When Sharon Irwin's grandson, Tony Terrell Robinson, died violently last spring, there was little she could do about her sadness, frustration and anger.
But Irwin has always been an artist. Painting and drawing are intimately familiar to her. When an opportunity arose to create a public, shared portrait of Terrell, as his family called him, Irwin readily agreed to help.
"It's good for me to paint," Irwin said. "It's good for me to work with my hands. I've done that my whole life."
This past summer, Irwin joined several artists and other family and friends of people who died violently to create a new mural on the east side.
Led by Dane Arts Mural Arts (DAMA) director Sharon Kilfoy and funded by Dane Arts and an ongoing crowdsourcing campaign, it's called the PEACE Mural and it's located on the back of the Social Justice Center at 1202 Williamson St.
The mural, set to be dedicated on Saturday afternoon from 2-5 p.m., has a bold turquoise background and bright colors, showing silhouettes of people doing the things they loved.
Youth from the Madison Children's Museum contributed "PEACE" tiles for the stairs, near a garden of mosaic sunflowers. At the center of each flower will be a portrait created by Kelty Carew, a lead artist on the project who also designed a labyrinth rose on the pavement in front of the mural.
Carew called the 30-foot diameter labyrinth "a meditation space (for) thinking about the themes of the mural."
"Losing someone to violence is a unique and tragic experience," Carew said. "To connect the families has been ... very powerful. We had a lot of skilled painters and artists in the families who showed up to help."
Carew worked with Kilfoy and her daughter, mosaic artist Shadayra Kilfoy-Flores, to contact families with connections to the east side of Madison who had lost loved ones to violence.
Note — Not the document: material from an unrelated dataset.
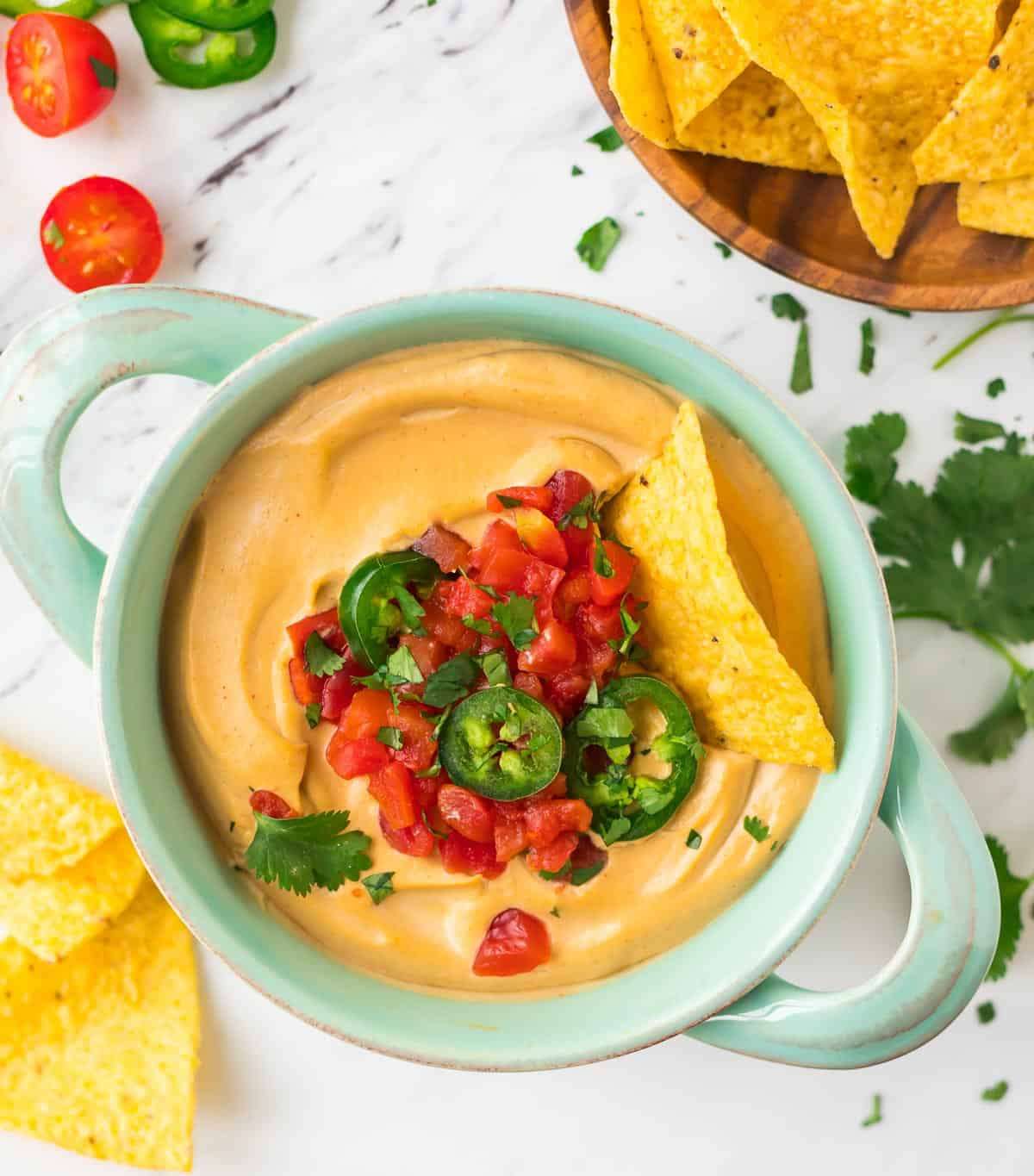 - Serving Ideas: For nachos, drizzle the queso generously over a bed of tortilla chips and garnish as desired (place in the oven for a few minutes to make extra warm if you like). This vegan queso is also delicious over fries, baked potatoes, and roasted vegetables.

Carew is intimately familiar with grieving families, as her artistic "day job" involves making memorial images for headstones.
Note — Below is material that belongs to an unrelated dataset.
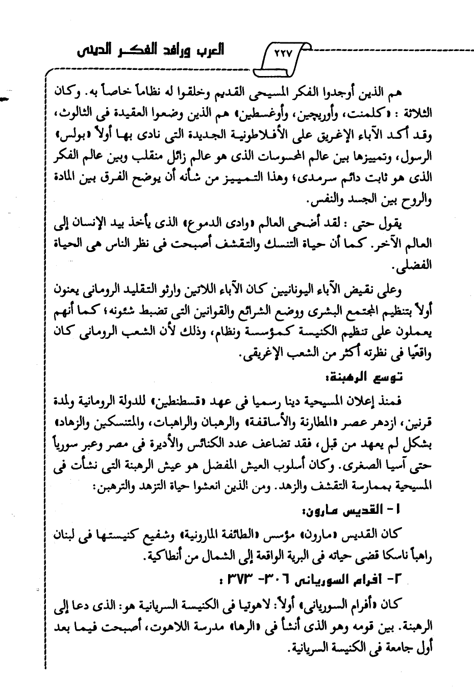 يقول حتى: لقد أضحى العالم "وادي الدموع" الذي يأخذ بيد الإنسان إلى العالم الآخر. كما أن حياة التنسك والتقشف أصبحت في نظر الناس هي الحياة الفضلى.

What connects the two things, memorials and the mural, is "a sense of ownership and healing," she said.
"I had a lot of private meetings with families to hear the stories of who they lost," Carew said. "I would encourage them to bring photographs."
The people depicted in the mural include Fredrica Hanger, who was shot by his brother just days after being released from prison. Artist Brendan Scanlon's parents decided to represent him painting his tag, SOLVE, on the upper right portion of the mural.
Scanlon, whose tag can still be found on the east side, was killed in Chicago when he was attacked on the street.
"We know who they are," Carew said, "but they're in silhouette so more people can relate to them and see themselves or loved ones in the figures."
Conor Dunleavy, killed at age 20 in a drunk driving accident, is represented at a writing desk. Others who died young, like teenage Shaina Davenport, 30-year-old Paul Heenan (killed by police when he mistakenly entered the wrong east side home), 26-year-old Ashley DiPiazza and 18-year-old Jaden McRaven, are shown in the mural.
The figures are walking a dog, playing ultimate frisbee, skateboarding, playing music. They're happy.
"It's meant to be joyful," Irwin said. "It's meant to show them in moments of their lives they loved to do — what they were good at, what they stood for, what they meant.
"It's all violent, what happened to them," she said. "But why do we want to depict violence when it's the life that mattered?"
Irwin decided to show Terrell playing basketball.
"It was great for me to be able to draw him in one night when we were all together," Irwin said. "We got a projector and projected the image on the wall and then drew it."
The mural is visible from East Wilson Street, where it's part of the Capital City Bike Trail, and South Few Street. Already it's getting attention — Carew remembered one day when 16 people stopped by to take photographs and ask questions.
And the mural may continue to grow, as more people ask to participate. It's designed in a way so that, if people come forward, the artists can add on. Carew said the owners of the former Jolly Bob's building at 1210 Williamson St. have also given them permission to paint on the wall facing the parking lot.
An art project like this may be small comfort, but it's tangible, a lasting monument that people can visit for decades, Carew said.
"The act of creating something is extremely powerful," Carew said. "For everyone to physically have a hand (in creation) and get out of their often debilitating, grieving headspace to do something — it has reverberating effects.
"We call it the PEACE Mural, but no one's at peace. It's the ideal of peace that everyone is reaching for."
"The mural helped me," Irwin said. "It doesn't alleviate the anger, it helps me use it. I focus my energy on making dots on the water (in the mural). I don't see the big picture; I just see the little dots I'm making.
"It's a mural for peace. Hopefully people will wake up, and say this isn't right. It's a beautiful way to protest."